*** GIVEN MATERIAL ***
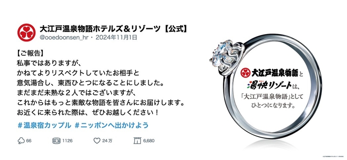ブランド統合に先んじて、10月28日(月)より、結婚報告風の「ブランド統合ご報告」を掲出いたします。これまで、東西でそれぞれカジュアル温泉宿を展開してきた2社が、共通の想いを持ち、今後は共に歩んでいくことを表現しています。
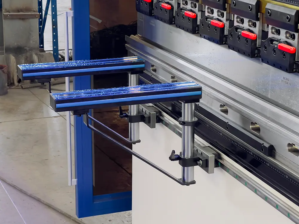 The front support provides a stable platform to hold the metal sheets during bending. It helps prevent the workpiece from sagging or deforming, especially with large sheets.
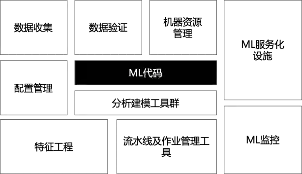 2015年,谷歌发布的论文指出,为了避免无休止的“技术债”缠身,应该强调将ML生产化视为一门学科的重要性(在当前的ML技术主流中确实如此),通过加强工程技术的投入来顺利实现ML的生产化。如图1所示,ML模型的生产化是由多个模块组成的,在实际场景中需要在这些模块间建立沟通机制来配合完成ML模型的生产化。
*** End of GIVEN MATERIAL ***
### TASK GOAL
Return the listing verbatim, pictures excluded.

### EXPECTED ANSWER
ブランド統合に先んじて、10月28日(月)より、結婚報告風の「ブランド統合ご報告」を掲出いたします。これまで、東西でそれぞれカジュアル温泉宿を展開してきた2社が、共通の想いを持ち、今後は共に歩んでいくことを表現しています。
 The front support provides a stable platform to hold the metal sheets during bending. It helps prevent the workpiece from sagging or deforming, especially with large sheets.
 2015年,谷歌发布的论文指出,为了避免无休止的“技术债”缠身,应该强调将ML生产化视为一门学科的重要性(在当前的ML技术主流中确实如此),通过加强工程技术的投入来顺利实现ML的生产化。如图1所示,ML模型的生产化是由多个模块组成的,在实际场景中需要在这些模块间建立沟通机制来配合完成ML模型的生产化。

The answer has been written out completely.